Scholars International Webinar on:

Catalysis and Chemical Science

THEME: "The Role of New Technologies in the Fields of Catalysis and Chemical Science"

img2 24-25 Mar 2021
img2 Webinar | Virtual Meet | 11:00-17:00 GMT
Joseph Merola

Joseph Merola

Virginia Polytechnic Institute and State University, USA

Title: Double-Duty Complexes: Catalysis and Biological Activity in One Neat Package


Biography

Joseph S. Merola is a Professor of Chemistry at Virginia Tech and a graduate of Carnegie-Mellon University (B.S. Chemistry, 1974).  He received his Ph.D. in chemistry in 1978 from M.I.T under the direction of Professor Dietmar Seyferth.  In 1978, he joined the Corporate Research Laboratories of Exxon Research and Engineering Co in New Jersey.  In 1987, he joined Virginia Tech where he has been ever since, although he has held many different roles over his time there.  Professor Merola is a Fellow of the American Chemical Society and a Fellow of the American Association for the Advancement of Science.

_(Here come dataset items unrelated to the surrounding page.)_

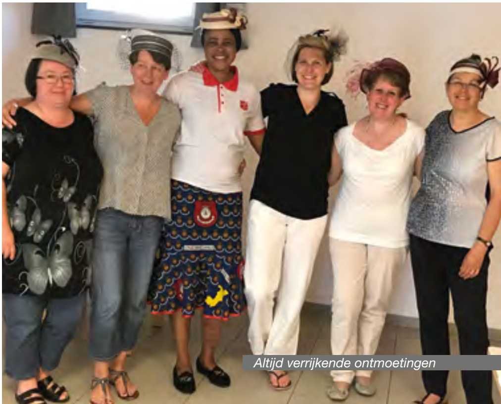
Altijd verrijkende ontmoetingen

Het is waar dat ik in het begin niet begreep waarom God mij had geroepen om Hem als officier te dienen. Ik heb moeten leren om over mijn verlegenheid heen te stappen om het Woord van God te verkondigen. Maar het zijn de persoonlijke contacten die me de meeste voldoening geven. God geeft me de middelen om te doen wat Hij van me vraagt, zelfs al ben ik altijd zenuwachtig als ik voor een publiek moet spreken.
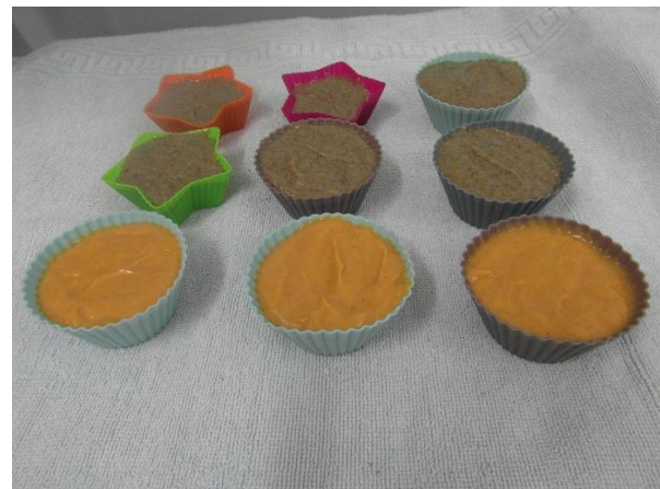
Slika 23.: Ulijevanje u kalupe
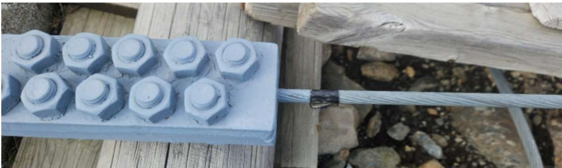
Har tauet sklidd i klemme?
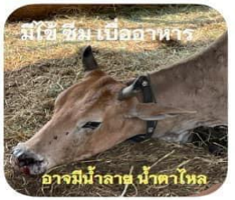
มีไข้ ซึม เบื่ออาหาร
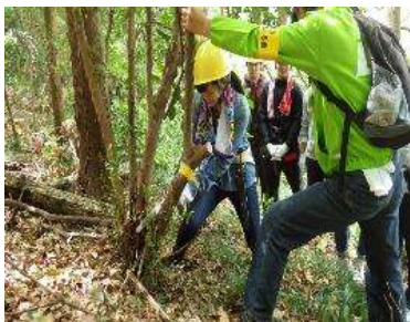
樹木や竹の伐採を体験します。
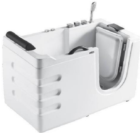
Figure 4 Baignoire à porte

L'installation d'une barre de maintien pour sortir du bain est aussi un outil intéressant. En effet, elle permet à la personne âgée de pouvoir se relever et sortir plus facilement de sa baignoire ou de sa douche.
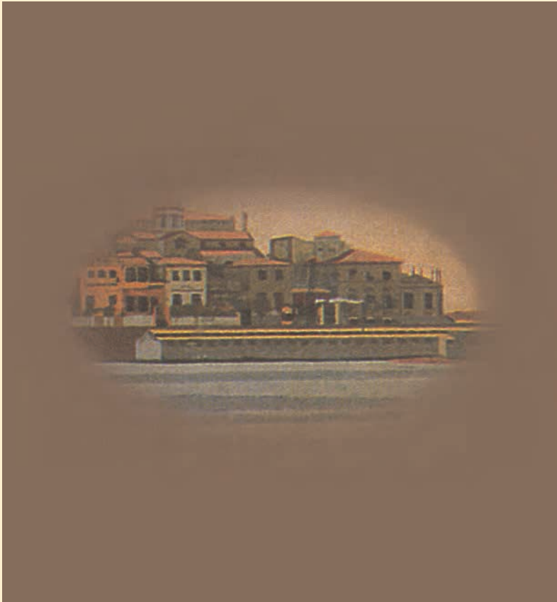
Γιάννης Τσαρούχης (1910-1989), Πειραιάς (λεπτομέρεια)
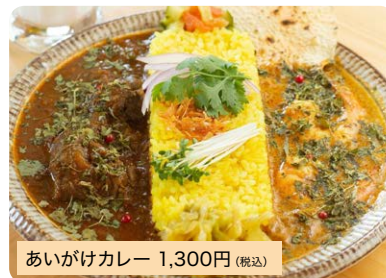
あいがけカレー 1,300円(税込)

15種類以上のスパイスと、こだわりの具材をふんだんに使った自慢のスパイスカレーです。※チキン、牛すじ、エビから2種を選択

He has published over 120 papers in the organometallic chemistry and catalysis field.

Abstract

“Piano-Stool” complexes of transition metals have been known since the beginning of “modern” organometallic chemistry, often dated to the serendipitous discovery of ferrocene in 1951.  Since then, the number of pi-complexes of metals including other sandwich and half-sandwich compounds (piano-stools) is difficult to quantify.  A “Google Scholar” search on the terms “piano-stool” or “half-sandwich” complexes returned over 150,000 hits and that is probably not a complete accounting.  With at least that number in the literature, is there anything new to add to the field?  It is the hope that this lecture will convince you that the answer is “yes!”

This talk will describe chemistry of rhodium and iridium piano-stool complexes for:

  1. Hydrogenation/dehydrogenation chemistry
  2. Anti-microbial activity including anti-TB and anti-MRSA compounds.
    1. A tantalizing look at new anti-viral activity

In both areas, how changing the piano-stool metal, pi-ligand, and other ligands ca tune both catalytic activity and biological activity will be discussed.